Directions for this task
Every line from the one containing "Подобная ситуация произошла" to the one containing "Big designer bathroom" in the records below, both included, must be set down exactly, and no other line.

Given entries
▼

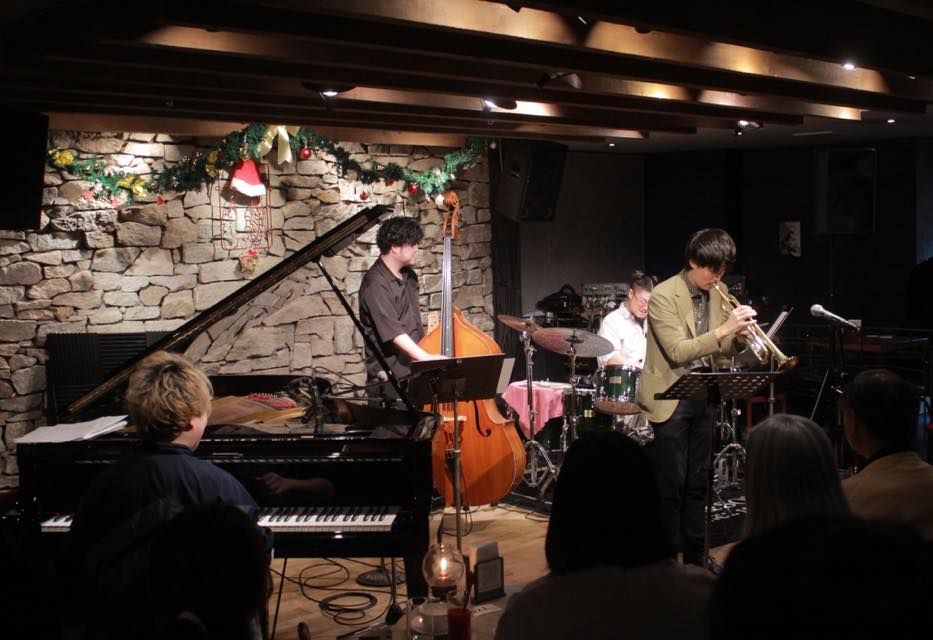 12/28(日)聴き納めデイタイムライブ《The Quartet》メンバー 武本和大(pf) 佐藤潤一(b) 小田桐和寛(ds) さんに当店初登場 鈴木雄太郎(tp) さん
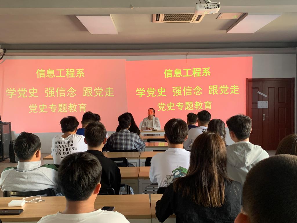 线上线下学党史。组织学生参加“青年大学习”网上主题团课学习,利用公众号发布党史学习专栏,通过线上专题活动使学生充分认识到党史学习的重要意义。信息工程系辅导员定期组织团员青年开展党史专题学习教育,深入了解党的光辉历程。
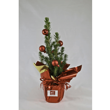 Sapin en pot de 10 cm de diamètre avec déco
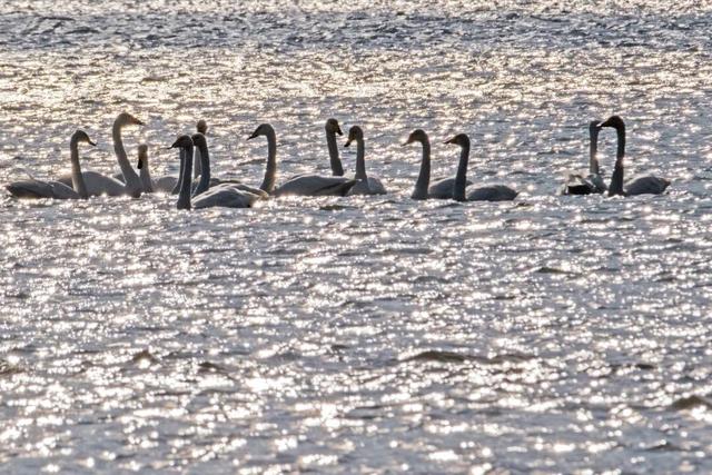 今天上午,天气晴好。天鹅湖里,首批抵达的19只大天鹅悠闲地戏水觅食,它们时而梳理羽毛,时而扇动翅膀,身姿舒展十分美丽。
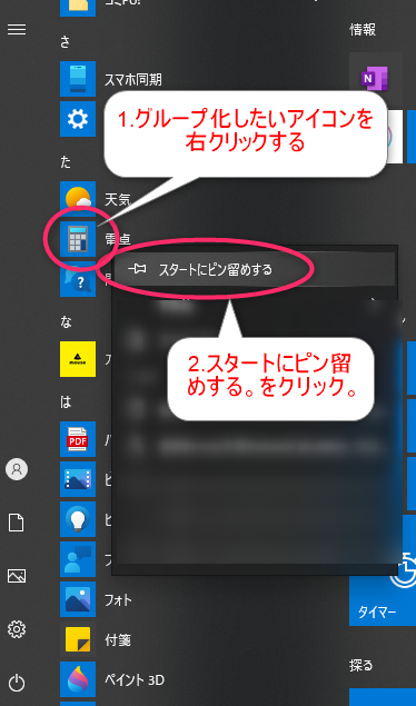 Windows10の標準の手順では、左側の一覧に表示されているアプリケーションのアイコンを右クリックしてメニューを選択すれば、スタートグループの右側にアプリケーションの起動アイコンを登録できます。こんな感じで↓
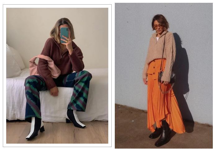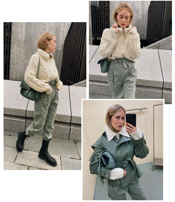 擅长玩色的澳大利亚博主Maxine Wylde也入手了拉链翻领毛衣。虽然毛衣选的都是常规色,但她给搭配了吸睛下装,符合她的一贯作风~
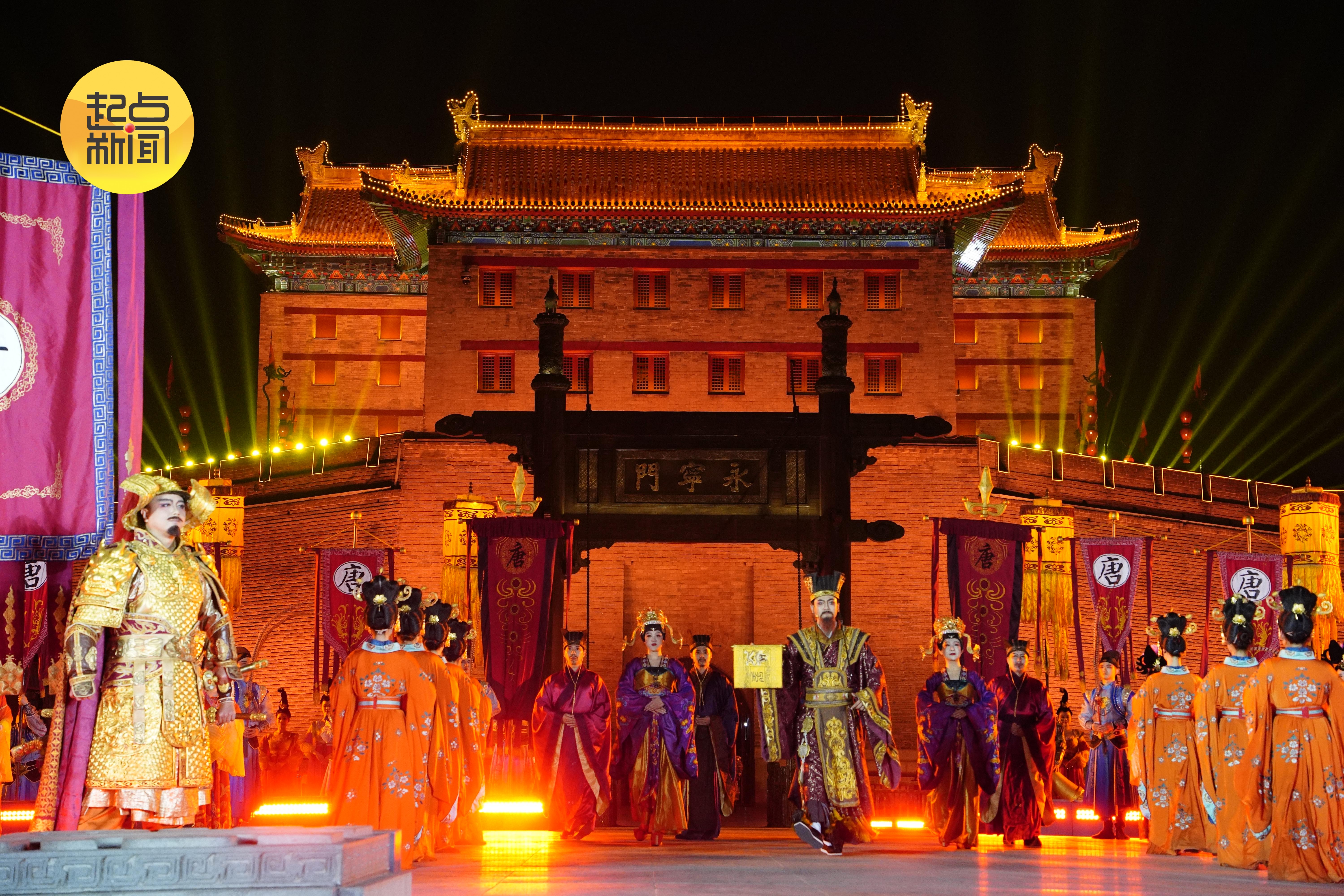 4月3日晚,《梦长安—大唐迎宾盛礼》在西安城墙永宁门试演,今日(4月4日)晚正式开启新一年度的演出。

▲
▼

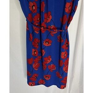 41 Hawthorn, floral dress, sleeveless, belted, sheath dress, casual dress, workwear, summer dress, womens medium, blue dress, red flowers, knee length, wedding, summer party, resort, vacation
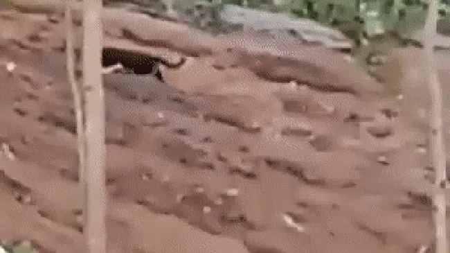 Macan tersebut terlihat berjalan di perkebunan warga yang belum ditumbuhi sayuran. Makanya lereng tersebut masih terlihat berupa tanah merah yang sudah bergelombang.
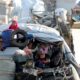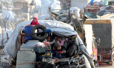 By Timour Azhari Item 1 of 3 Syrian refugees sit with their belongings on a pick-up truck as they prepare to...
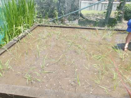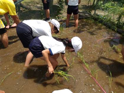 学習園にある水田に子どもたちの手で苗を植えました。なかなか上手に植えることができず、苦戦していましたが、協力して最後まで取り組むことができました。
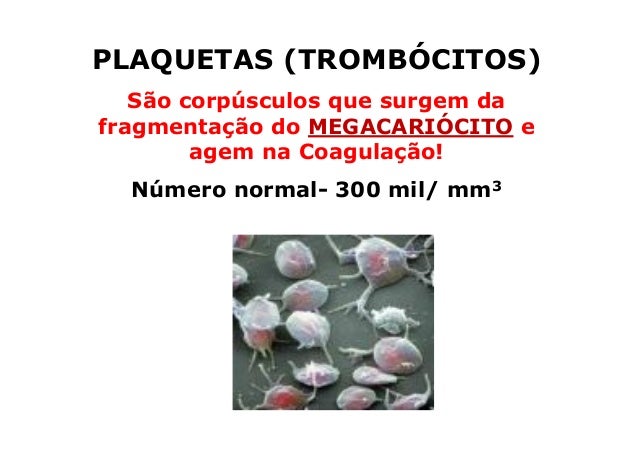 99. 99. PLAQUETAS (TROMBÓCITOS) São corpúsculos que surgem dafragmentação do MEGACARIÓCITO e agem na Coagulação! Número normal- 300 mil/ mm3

▲
▼

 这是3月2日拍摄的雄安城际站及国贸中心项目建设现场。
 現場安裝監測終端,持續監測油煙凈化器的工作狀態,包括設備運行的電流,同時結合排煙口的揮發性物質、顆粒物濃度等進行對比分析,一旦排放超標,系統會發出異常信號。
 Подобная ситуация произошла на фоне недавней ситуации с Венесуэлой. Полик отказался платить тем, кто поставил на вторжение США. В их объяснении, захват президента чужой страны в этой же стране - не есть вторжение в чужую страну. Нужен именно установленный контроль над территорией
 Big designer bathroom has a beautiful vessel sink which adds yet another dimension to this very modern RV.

▲

Result
 Подобная ситуация произошла на фоне недавней ситуации с Венесуэлой. Полик отказался платить тем, кто поставил на вторжение США. В их объяснении, захват президента чужой страны в этой же стране - не есть вторжение в чужую страну. Нужен именно установленный контроль над территорией
 Big designer bathroom has a beautiful vessel sink which adds yet another dimension to this very modern RV.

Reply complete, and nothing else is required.